Willie Hughes

Personal information
- Full name: William Hughes
- Date of birth: 7 July 1909
- Place of birth: Winchburgh, Scotland
- Date of death: 1 January 1996 (aged 86)
- Place of death: Bellshill, Scotland
- Height: 5 ft 10 in (1.78 m)
- Position(s): Outside left; Left half;

Senior career*
- Years: Team / Apps / (Gls)
- –: Bellstane Birds
- 1927–1929: Bathgate / 69 / (10)
- 1929–1936: Celtic / 94 / (12)
- 1929: → Ayr United (loan)
- 1936–1948: Clyde / 57 / (3)
- 1938: → Bo'ness (loan)
- 1938–1941: Arbroath / 19 / (4)
- Total:  / 244 / (34)

= Willie Hughes (footballer) =

Scottish footballer (1909–196)

William Hughes (7 July 1909 – 1 January 1996) was a Scottish footballer who played mainly as an outside left, although he was a versatile player who could operate in several positions.

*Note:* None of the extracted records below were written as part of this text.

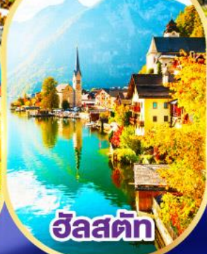
ซัลสตัดท์
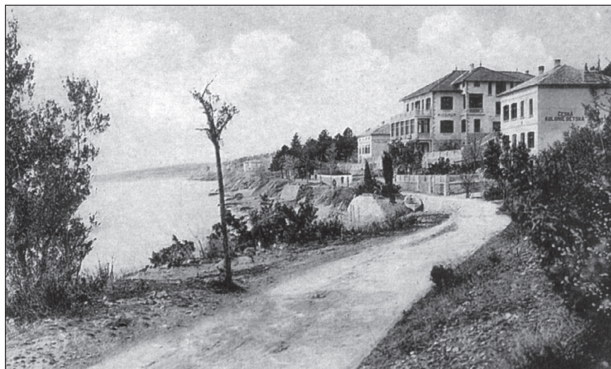
Slika 5. Češka kolonija

Zavaljujući upornosti i marljivosti Čehinja Marije Steyskalove i njezine pomoćnice i nasljednice Berte Drgačove, u Crikvenici se 1909. osniva čehoslovačko dječje oporavilište Česka detska ozdravny Marie Steyskalove .
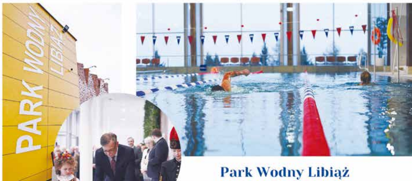
Park Wodny Libiąż
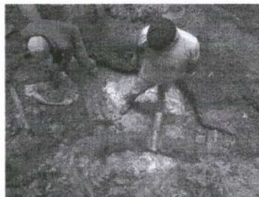
Figura 16 - Construção da barragem no momento da colocação do cano de esgotamento

Da mesma forma, ainda na parede da barragem, pouco acima dos canos de abastecimento, será instalado um cano ladrão (Figura 18), com o diâmetro de 50 mm, que, como o próprio nome diz, terá como função o escoamento da água excedente, não utilizada. Esse cano, em sua boca externa, será vedado com uma tela plástica, para impedir a entrada de pequenos animais no interior da nascente, porém sem impedir a saída da água.
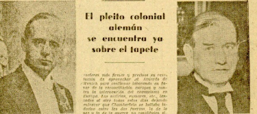
El presidente del Gobierno inglés, Mr. Chamberlain, que mañana presentará un discurso en el Congreso del Partido Radical-Bastardos.

El pleito colonial alemán se encuentra ya sobre el tapete El primer ministro de Chamberlain, en su discurso, se refiere a la reconciliación que una política internacional, según plantea la doctrina de la reconciliación, que se encuentra ya sobre el tapete.
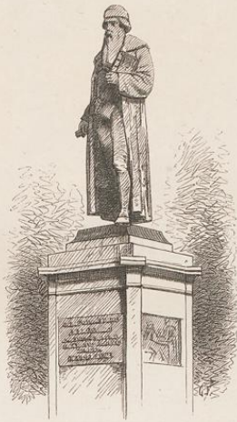
Gutenbergdenkmal in Mainz.

hinein gezwängte Eisenbahn, deren Kohlen- und Wagenschuppen, deren Qualm und Lärm hinter einem geschwärzten Geländer das Ufer verdüstern. Den ganzen Tag ruft uns hier die Abfahrtsglocke der Eisenbahn, das Geläute der Dampfer zu, daß gar keine Zeit mehr zu versäumen. — Das Hin- und Herandrehen der Maschinen, das Rangiren der Wagen läßt dem Reisenden immer nur einige glückliche Momente, über die Schienenstränge hinweg die Landebrücken zu erreichen. Benutzen wir einen dieser Augenblicke, um den kleinen „Adolf“ zu besteigen, den Lokal-Dampfer, der uns, Millionen glitzernde Diamanten aus dem Rhein herauf schaufelnd, zwischen den grünen, in den Fluß hingewürfelten Inseln nach Biebrich, hinüber zum Nassauer Land, einer der schönsten Perlen im deutschen Reiche, trägt.
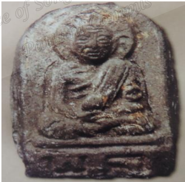
ภาพประกอบที่ ๑๗ พระเครื่องสมเด็จพระเจ้าพะโคะ รุ่นแรก พ.ศ.๒๕๐๖ ของวัดพะโคะ หมู่ที่ ๖ ตำบลชุมพล อำเภอสังขละบุรี จังหวัดสงขลา
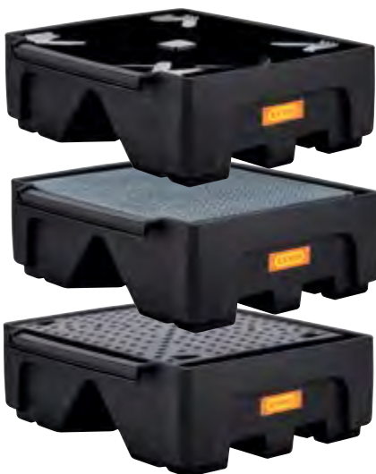
Bac CUBI-PE 500/1 sans caillebotis
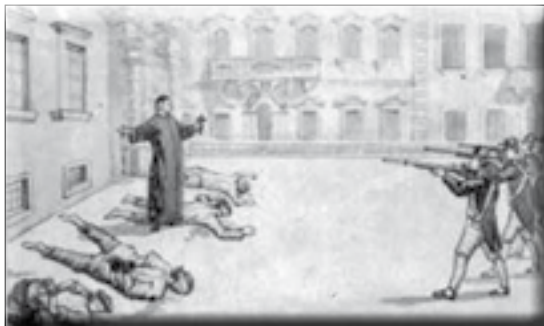
Il-fuċilazzjoni tal-Eroj Dun Mikiel Xerri.

His longest spell was with Celtic where he made over 100 appearances in all competitions and spent seven seasons but was a regular starter only in one (1933–34), otherwise being seen as a squad member who could fill in for several roles. He was not selected for the club's two Scottish Cup finals during the period in 1931 and 1933 despite playing in earlier rounds, and only made four appearances when they won the Scottish Football League in 1935–36, so it is unlikely that he received a winner's medal from a major competition.

He began his league career with Bathgate, departing when the club went defunct, and after leaving Celtic played for Clyde and Arbroath, in a more defensive role than in his early career. During World War II he featured for Hamilton Academical, later joining the club's coaching staff.

Originally from West Lothian, Hughes settled in Blantyre, South Lanarkshire; his first marriage was to Bridie Kelly, daughter of James Kelly and sister of Bob Kelly, both of whom served as chairman of Celtic.